What needs to be done: Print the whole listing again exactly, keeping no pictures in it.

Data section:
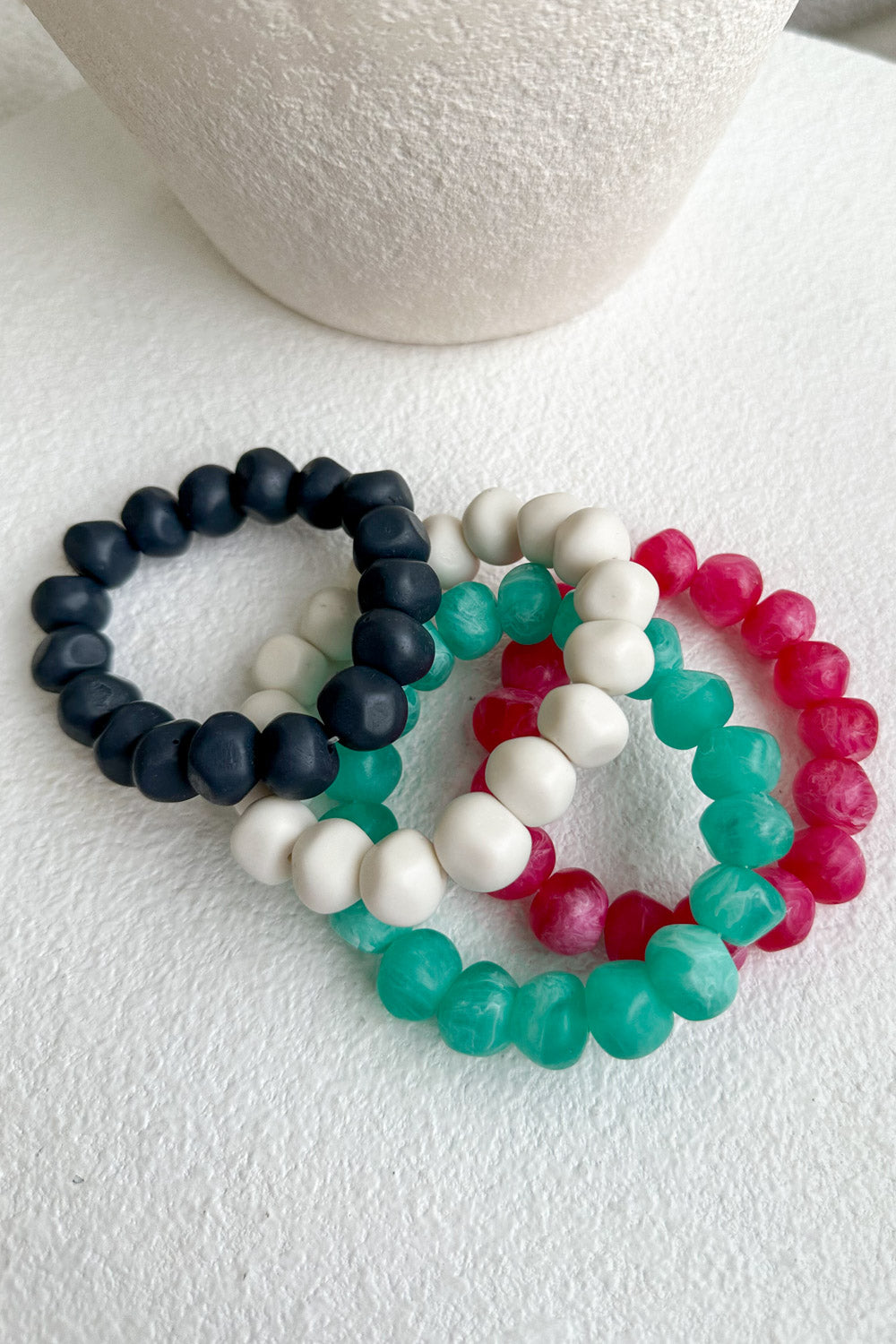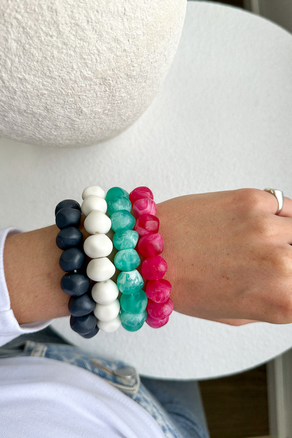 A beautiful, simple bracelet made of resin beads on a stretchy band. Looks lovely on its own, or stack it with other colours to change it up.
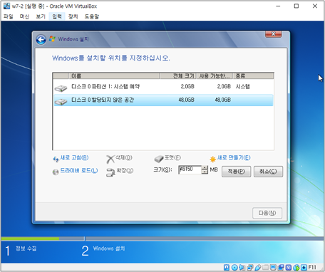 18. 나머지 공간 파티션2에 새로 만들기 -> 적용
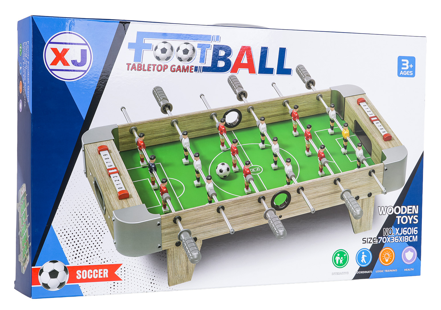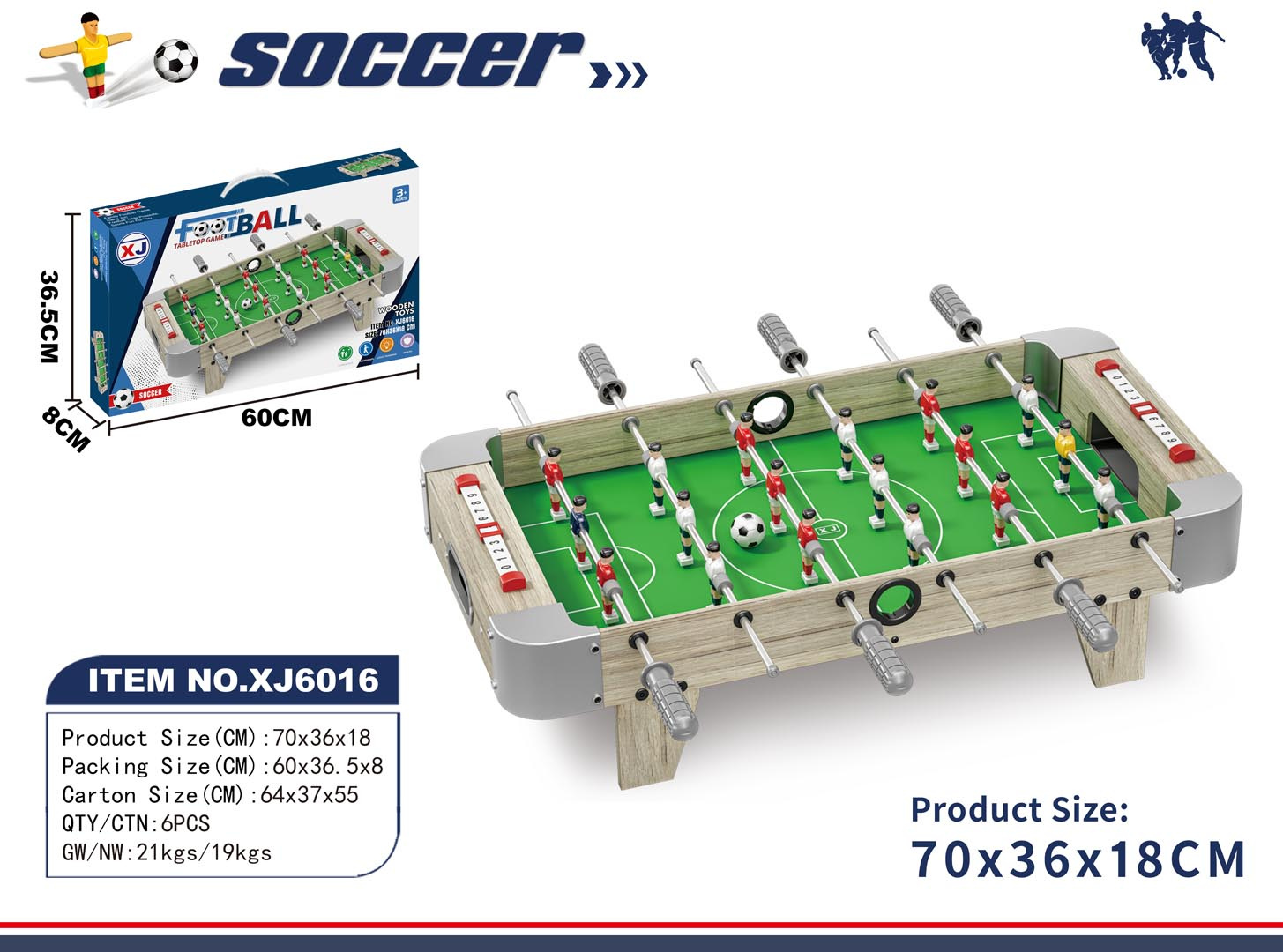 | Rozměry | - stůl na stolní fotbal cca. 70 cm x 36 cm x 18 cm, - průměr míče cca.3 cm, - fotbaloví hráči přibližně. 7,5 cm x 2,5 cm, - opakování cca 60 cm x 8 cm x 37 cm. |
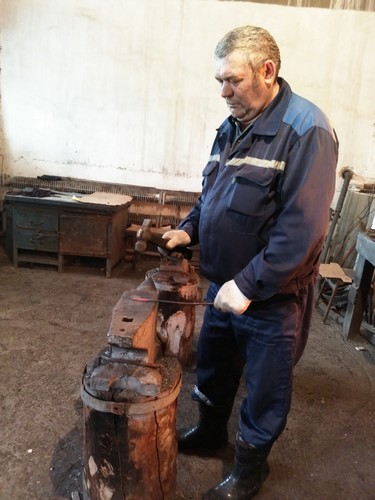 Молодые механизаторы в хозяйстве нужны, и их с удовольствием берут на работу. В этом году из «Благодаровского» уходит один из лучших работников Анатолий Литвиненко, возможно, сменой ему станут два студента Одесского сельскохозяйственного казачьего училища, которые сейчас проходят практику в хозяйстве. Но основной костяк коллектива, конечно, старожилы. Николай Иванович Нелепа, например, трудится здесь с 1973 года, называют его не иначе, как мастер на все руки. Он и механизатор отличный, и механик хоть куда, а ещё и кузнец по совместительству. Застала я его как раз в кузнечном цехе.

Written response:
 A beautiful, simple bracelet made of resin beads on a stretchy band. Looks lovely on its own, or stack it with other colours to change it up.
 18. 나머지 공간 파티션2에 새로 만들기 -> 적용
 | Rozměry | - stůl na stolní fotbal cca. 70 cm x 36 cm x 18 cm, - průměr míče cca.3 cm, - fotbaloví hráči přibližně. 7,5 cm x 2,5 cm, - opakování cca 60 cm x 8 cm x 37 cm. |
 Молодые механизаторы в хозяйстве нужны, и их с удовольствием берут на работу. В этом году из «Благодаровского» уходит один из лучших работников Анатолий Литвиненко, возможно, сменой ему станут два студента Одесского сельскохозяйственного казачьего училища, которые сейчас проходят практику в хозяйстве. Но основной костяк коллектива, конечно, старожилы. Николай Иванович Нелепа, например, трудится здесь с 1973 года, называют его не иначе, как мастер на все руки. Он и механизатор отличный, и механик хоть куда, а ещё и кузнец по совместительству. Застала я его как раз в кузнечном цехе.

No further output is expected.